Figure 3 — Per-impression quality by channel, 2015-2040

Trajectory

Each line shows how much real attention a single ad on each channel produces, indexed to that channel's own 2015 baseline. Above 1.0x means the channel's per-impression quality has improved. Below 1.0x means each ad is now worth a fraction of what it used to be. Meta has already crossed mid-market (2021) and is approaching bimodal (projected 2026). Linear TV crossed mid-market in 2022 and crosses bimodal around 2028. Out-of-home (OOH), direct mail, and host-read podcasts are the only channels holding their ground — and direct mail is the outlier that has actually improved, reflecting a shift to more targeted lists under rising postage.

Mid-market < 0.5x
Bimodal < 0.25x
Zero-utility < 0.1x
2015 baseline (1.0x)

Structural Resilience

OOH

1.21x

Direct Mail

1.99x

Podcasts HR

0.82x

Volume-Build Masking Decay

CTV

0.08x

Podcasts DAI

0.26x

YouTube

0.42x

Mature Decay

Search

0.11x

Meta

0.05x

LinkedIn

0.30x

Accelerated Collapse

Linear TV

0.07x

Display

0.08x

Each panel: focal channel in color, all other channels as faint grey backdrop. Lines after 2025 are projected at constant per-factor decay rate. Newsletters and Retail Media excluded — both have unstable per-impression quality data due to near-zero 2015 baselines.

Quality Multiplier

The per-impression quality of a channel: Attention × Density × Legit Share.

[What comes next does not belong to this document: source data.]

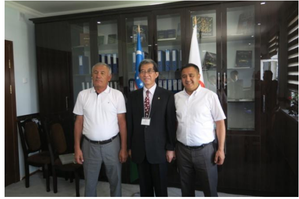
リシタン市役所を訪問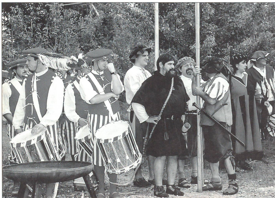
Spielleute aus dem zürcherischen Elgg mit deutschen Komparsen.

In Schwaderloh mit von der Partie waren am 14. Juli 2001 Trommler und Pfeifer aus dem zürcherischen Elgg, deutsche Landsknechte aus Bermatingen (die sogar ein imposantes Zeltlager aufgebaut hatten), der Konstanzer Fanfarenzug «Niederburg» samt FahnenSchwingern, Marketenderinnen, vielerlei Spielleute und sogar ein Feuerschlucker. Alles in allem ein malerischer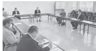
具体的な組織強化策について協議した委員会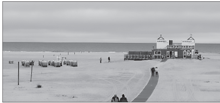
Dem Land Niedersachsen liegt seit zwei Monaten ein Unterstützungsgesuch des Staatsbades für den Aufbau der Badestrände im Inselosten vor.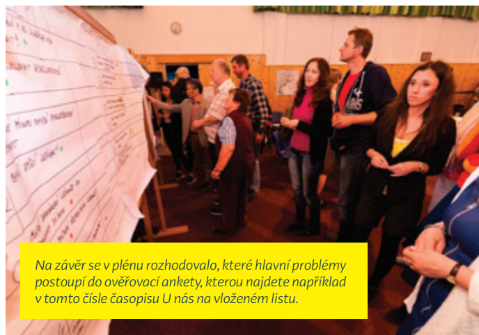
Na závěr se v plénu rozhodovalo, které hlavní problémy postoupí do ověřovací ankety, kterou najdete například v tomto čísle časopisu U nás na vloženém listu.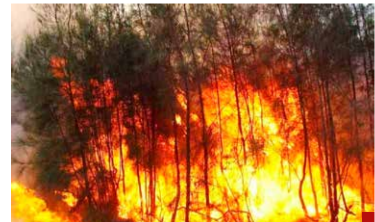
Los incendios es el pan de cada día en el Edomex.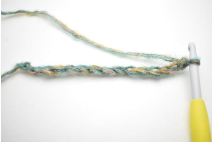
1. Haak 50(53)56 L.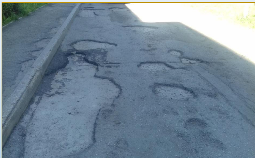
Фото объекта «До»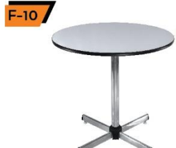
F-10 Round Table 75X75X75 cm.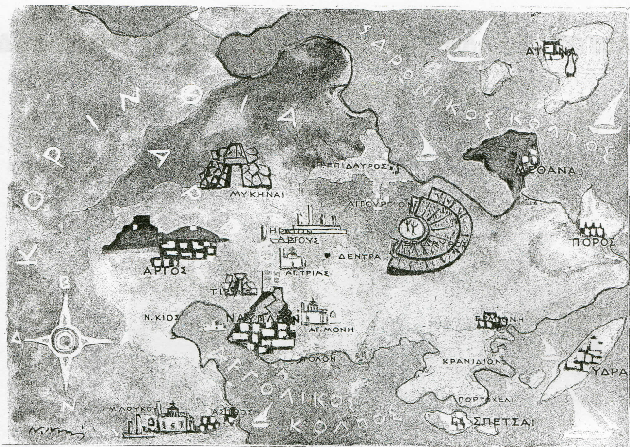
Χάρτης της Αργολίδας: έργο του Νίκου Νικολάου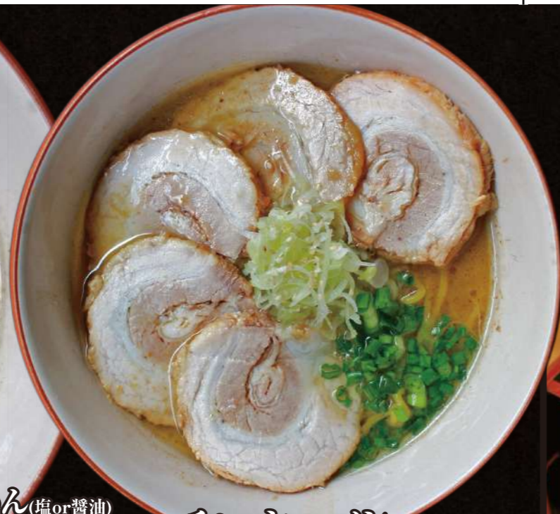
チャーシューメン Roast Pork Ramen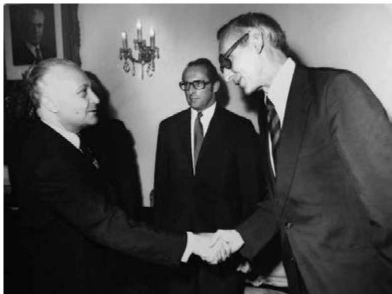
39. Minister van Buitenlandse Zaken Max van der Stoep schudt tijdens zijn bezoek aan Iran in juli 1974.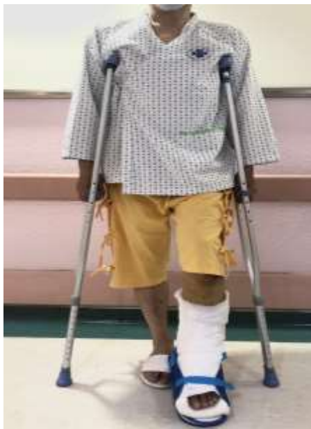
圖一 使用柺杖行走

骨折是骨科常見的傷害。醫師會詳細檢視 X 光片及受傷情形以獲得正確之診斷。治療上會施行手術將骨頭斷掉的地方接合在一起，並視需求以鋼板、髓內釘或鋼釘固定。下肢骨折在手術後通常受傷的肢體不能完全負重，必須借助柺杖或助行器走路（如圖一、圖二），直至醫師告訴您不需使用柺杖或助行器為止。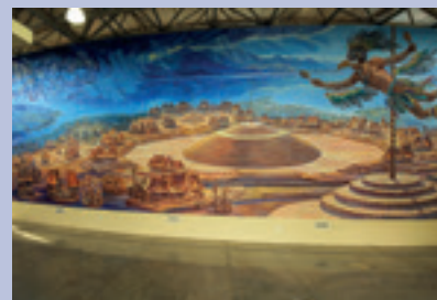
Mural del pintor y acuarelista michoacano Jorge Monroy.

Dentro del sitio se destacan tres estructuras: El Guachimontón, La Iguana y El Azquelite.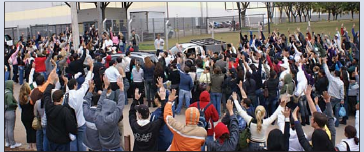
Os trabalhadores estão preparados para a luta

Depois de várias reuniões com a direção da empresa e muitas negociações, no dia 21 de agosto, os diretores do Sindicato realizaram uma importante assembleia na Compal, localizada no Distrito Industrial e que emprega mais de 700 trabalhadores que reclamavam que a empresa não pagava o piso salarial da categoria correto pelo número de empregados. O Sindicato negociou e ficou acertado que a correção já será feita em cima do mês de agosto. Sendo assim, todos os trabalhadores da Compal já começam a receber o piso de R$ 884,00. Outras reivindicações foram feitas, como plano de cargos e salários, fornecimento de cesta básica, adequação do convênio médico, resolver o problema do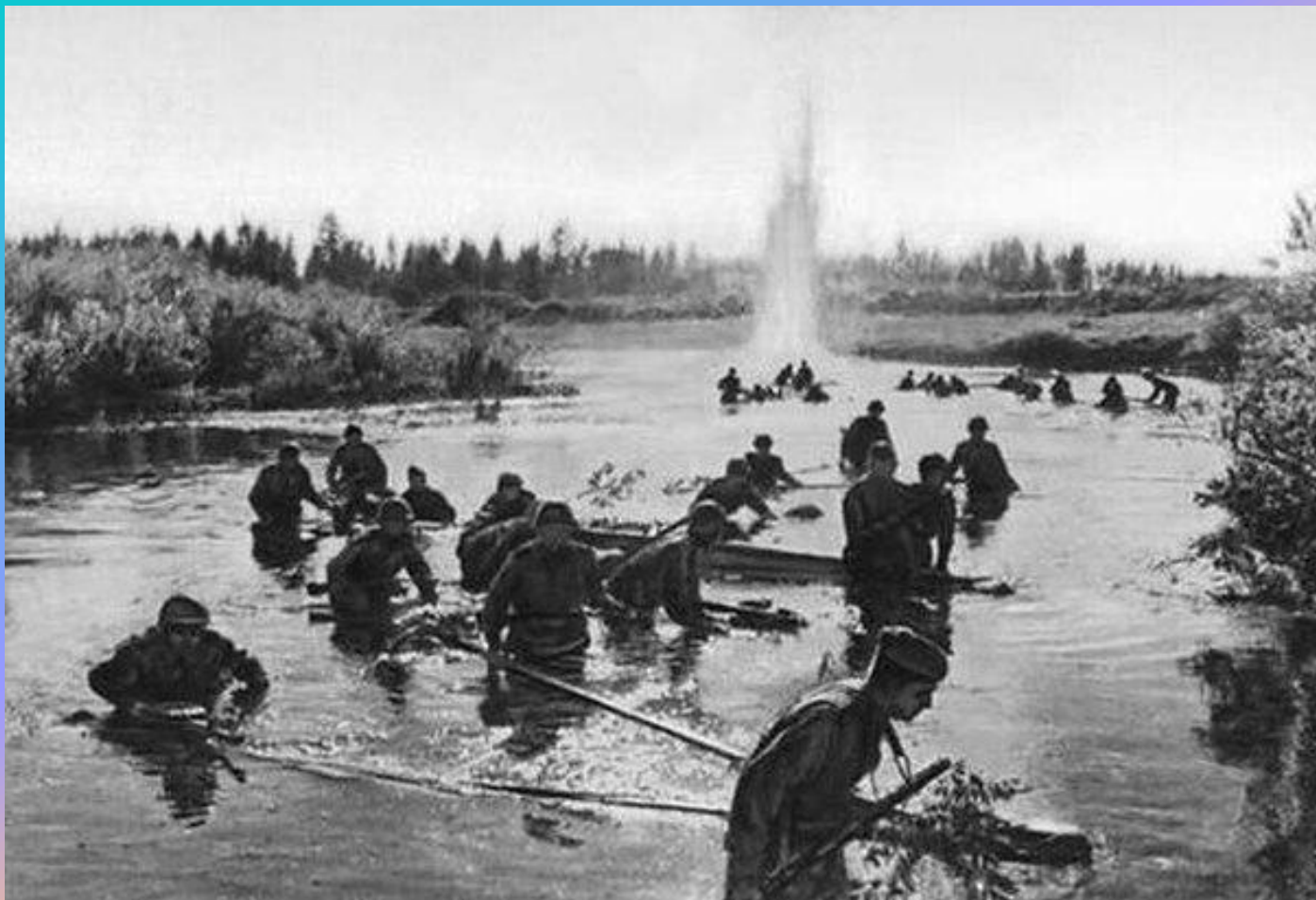
Форсирование Днепра 1943 г.

В годы Великой Отечественной войны гидрологи помогали преодолевать водные рубежи, болота.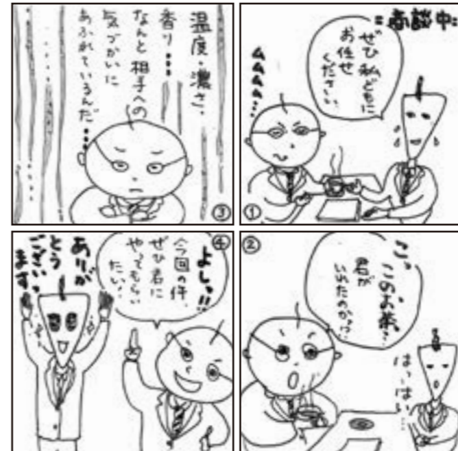
作：上野原市男女共同参画推進委員会 画：石井京子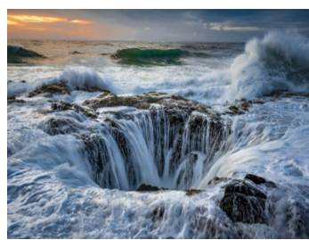
海水を飲み込むトルの井戸(アメリカ)

映画鑑賞会 十一月は、洋画は大道芸人とその相棒の女の旅暮らしを通じて、人生の哀歓を綴ったドラマ「道」を、邦画は「羅生門」を上映しました。十二月もいくつかの候補の中から見たいと参加者が決めてものを上映します。 インターネット世界旅行 案内先 別されます。七百一年当時の都は藤原京、七百年に平城京に都が移され、名実共に奈良王朝が成立しました。王朝交代の実相をお話しします。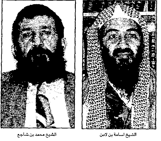
الشيخ محمد بن شجاع

لكن من عام، وجرى نقل مقر إقامته من جبال اباد الى اقليم قندهار معقل قيادة الطالبان، بحجة حمايته واتباعه من مسقطات امريكية لإخفائه، ولكنه أخذ يعاود نشاطه بشكل تدريجي في الايام القليلة الماضية، حيث ارسل برقية تحزية الى الرئيس السوداني عمر البشير بمناسبة وفاة نبيه الزبير، كما اصدر فتوى الجهاد ضد القوات الامريكية مع قادة الجماعات الاسلامية المتطرفة الاخرى. ويؤكد خديرة في نشطة الجماعات الاسلامية ان محاولات بن لادن للخروج من باكستان والانتقال الى الجزيرة العربية، تأتي بسبب الضعف الذي اصاب حركته بسبب انشقاقات وقعت فيها، خاصة من قبل وزيره ماليته الذي استسلم للسلطات السعودية وسلمها اسرازا كخبرة حول عملياته المالية واستثماراته في الخارج، علاوة على نجاح السلطات السعودية في اعتقال المشتري من اتاعه، وتكثيف الاجراءات الامنية حول امكان تجميع القوات الامريكية على اراضيها، وقد نقل القوات الى مناطق آمنة مثل قاعدة الخرج. واعرب احد هؤلاء الخبراء عن اعتقاده بان بروز خلافات بين الحكومة السعودية والقبائل الجنوبية اليمنية في صعدة وادي العطفين قد يهيئ - في المدى الامم لادن وانصاره للتصحر، واعداد تجميع صفوفهم في المناطق الجبلية الوعرة التي يصعب الوصول اليها بالبناديق والسيارات، مما يجعلها اكثر امانا من نظيراتها في جبال اباد او قندهار.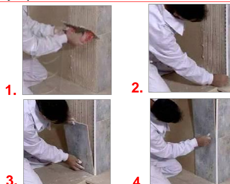
Ejemplo de colocación de un modelo Novocanto ®

Esta superficie se consigue con cintas o cepillos de pulido. Es unidireccional, no reflectante, muy apto para aplicaciones en interior e instalaciones públicas, ya que difícilmente queda marcado por las huellas dactilares.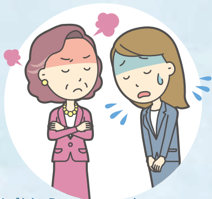
しごとちゅう おこ 仕事中にきつく怒られた (パワーハラスメント)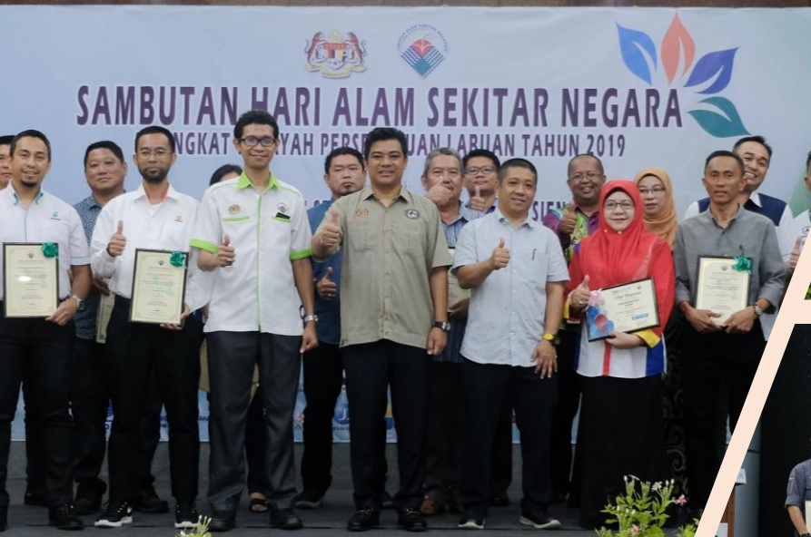
Sambutan Hari Alam Sekitar Negara Peringkat Wilayah Persekutuan Labuan Tahun 2019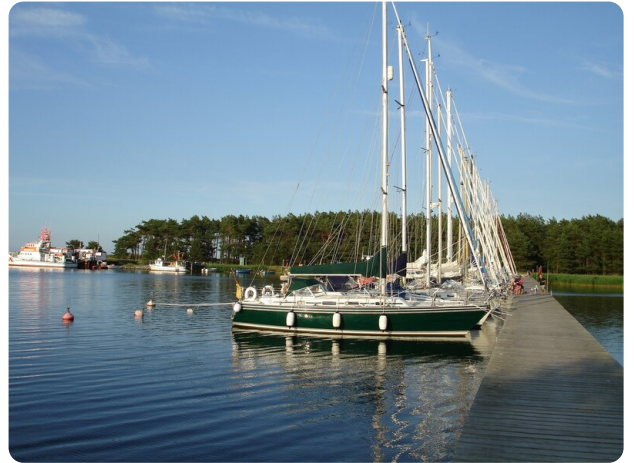
Contest 35S 42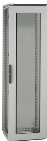
0 473 62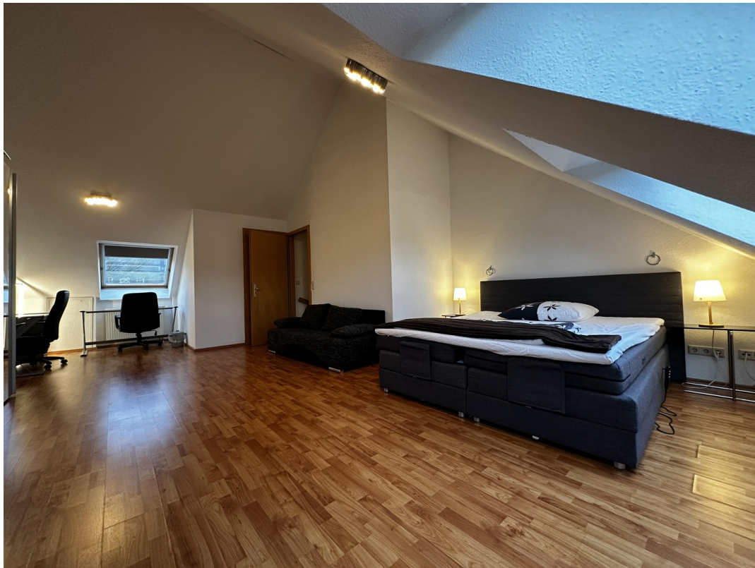
Schlafzimmer 3 (2. OG)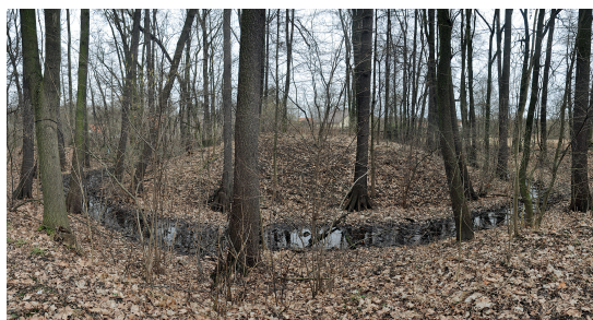
Turmhügelburg Muckerau (Mokra), Nieder- schlesien (Foto: Dominik Nowakowski, 2013).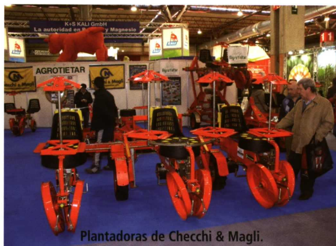
Plantadoras de Checchi & Magli.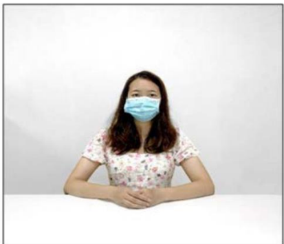
图2：正前方第一机位效果图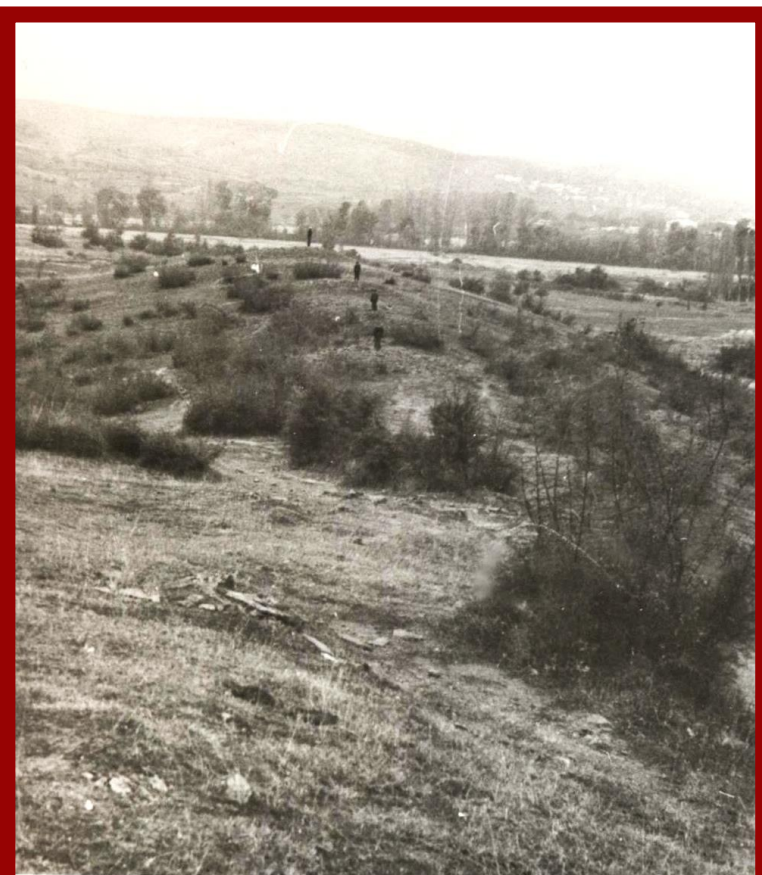
Сл.1. Археолошки локалитет Коколов рид, фотографија од 1978 год.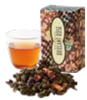
Brilliant Rose ブリアンローズ 〔ストレート〕 800 [880]

穏やかな時間に優しく寄り添うセクション 食後や夜のひとときに、心とからだにそっとなじみます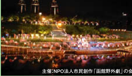
主催:NPO法人市民創作「函館野外劇」の会

函館地方の歴史を題材に、特別史跡「五稜郭」を舞台として開催、国内最大規模を誇る市民創作野外劇です。 土方歳三に逢えるかも!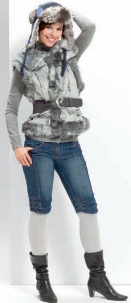
VenoTrain® micro – Stone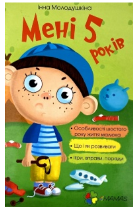
Мені 5 років

Перейти до категорії Біографії і мемуари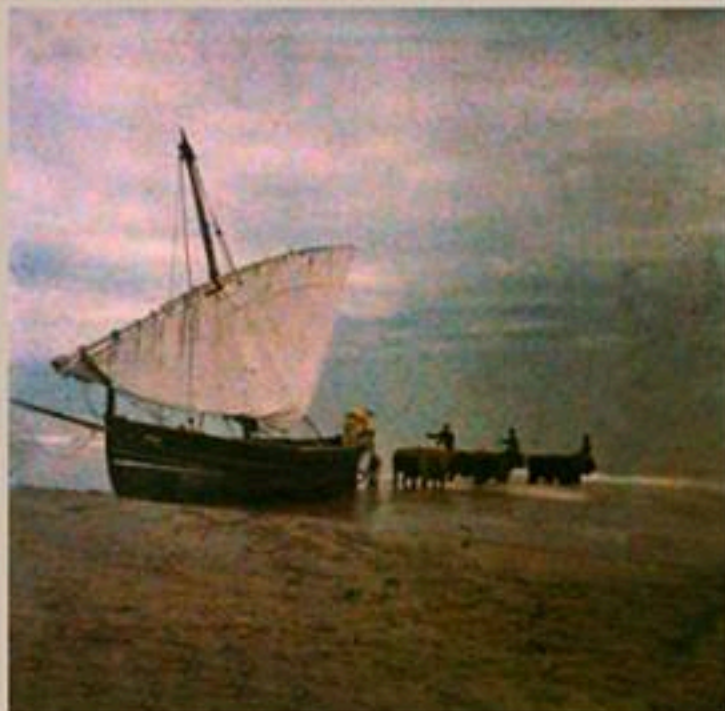
Bueyes arrastrando la barca. Placa autocroma

El día 15 de Febrero de 1921, fallece Arturo Cerdá en su domicilio familiar de Cabra del Santo Cristo, a la edad de 77 años.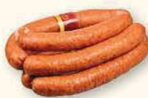
KIEŁBASA PODWAWELSKA ORYGINALNA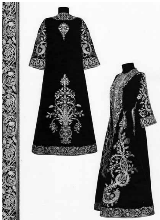
Նկ. 5. Զգեստ (ՀՊԹ, N 1679), թավիշ, մետաքս, ոսկեթել, 1850-ական թթ., ք. Ախալցխա: Տեն Հայկական տարագ, XVIII-XIX դդ., Ալբոմ-կատալոգ, Երևան, Հայաստանի պատմության թանգարան, 2014, էջ 21:

նման են, այլ ճիշտ և ճիշտ, առանց որևէ տարբերության, ունեն 18–20-րդ դդ. վիշապների ձևը՝ երկու հակառակ կողմեր նայող գլուխներով, իրանին ուռուցիկ գծիկներով, սակայն սրանց միջև վերադիր հատիկներով ուլունքներ են շարված, որոնց մասին Ռոման Գիրշմանը գրում է, թե հատիկազարդումը բնորոշ է ուրարտական ոսկերչական արվեստին (լուս. 4) 3 :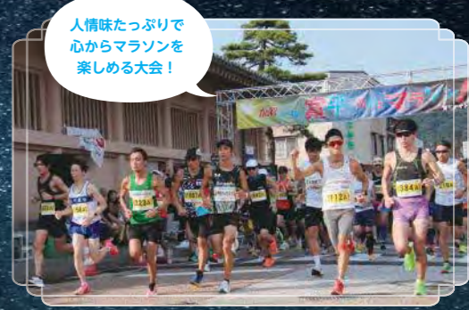
人情味たっぷり心からマラソンを楽しめる大会!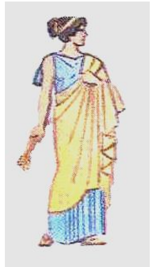
Деметра – богиня земледелия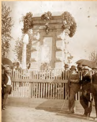
Gábor Áron emlékmű, 1891

Az írás eredetileg az alábbi helyen jelent meg: Gábor László: Gábor Áron (1814–1849). Öntöde, 36. (118.) évf., 1985 (11.) szám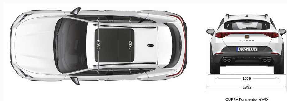
CUPRA Formentor 4WD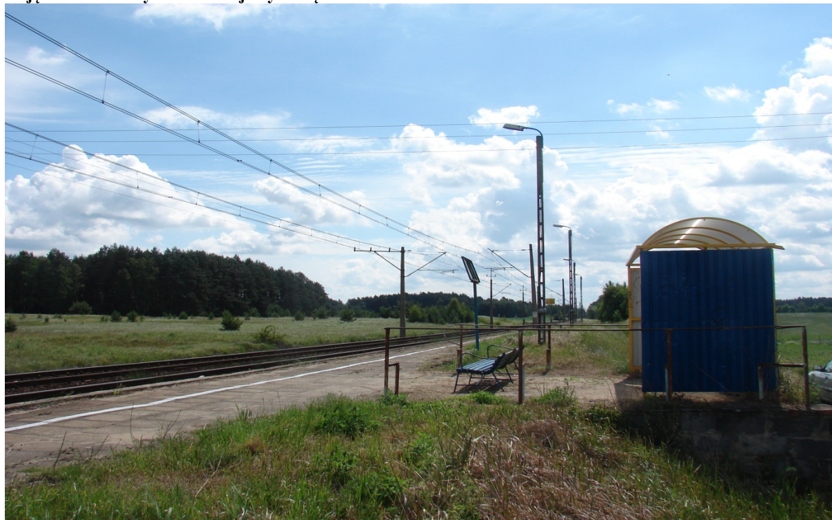
Zdjęcie nr 4 – Przystanek kolejowy w Będowie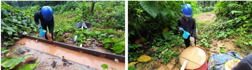
Gambar 4. Pengambilan sampel air pada bak erosi

Pemantauan laju erosi dilakukan pada areal bekas tebangan yaitu Blok RKT 2020 dan Blok RKT 2021. Metode yang digunakan adalah dengan menggunakan metode Bak Erosi. Berdasarkan Kriteria Tingkat Bahaya Erosi dari Dirjen RRL Dephut (1998) hasil analisis Erosi pada Blok RKT 2020 dan 2021 berada pada tingkat sangat ringan hingga sedang.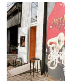
Hoffart Theater Lauteschlägerstraße

This is the metric the chart plots, indexed to each channel's 2015 baseline (1.0x). It deliberately excludes total impression volume — Meta showing 7x more ads doesn't mean each ad is 7x more valuable. The diminishing marginal returns (DMR) thesis is about the substrate getting worse per unit, not total supply.

Why log scale

Per-impression quality across channels spans an order of magnitude — Meta at 0.26x, Linear TV at 0.34x, Search at 0.42x, OOH at 1.08x. A linear axis would compress the bottom into a flat line. Log scale shows proportional change clearly: the distance from 0.5x to 1x is the same as 0.25x to 0.5x.

Mid-market threshold (0.5x)

When per-impression quality drops below half the 2015 baseline, the median direct-response brand’s return on ad spend (ROAS) falls below the 3:1 lifetime-value-to-customer-acquisition-cost (LTV:CAC) rule that defined direct-to-consumer (DTC) unit economics from 2012-2020. Mid-market advertisers rationally exit at this point.

Bimodal threshold (0.25x)

When quality drops below a quarter of baseline, only the top 10 advertisers (Walmart, P&G) and scammers can still make the math work. The advertiser base bifurcates into "too big to fail" and "too illegal to leave." Meta is projected to cross this threshold in 2026; Linear TV in 2028.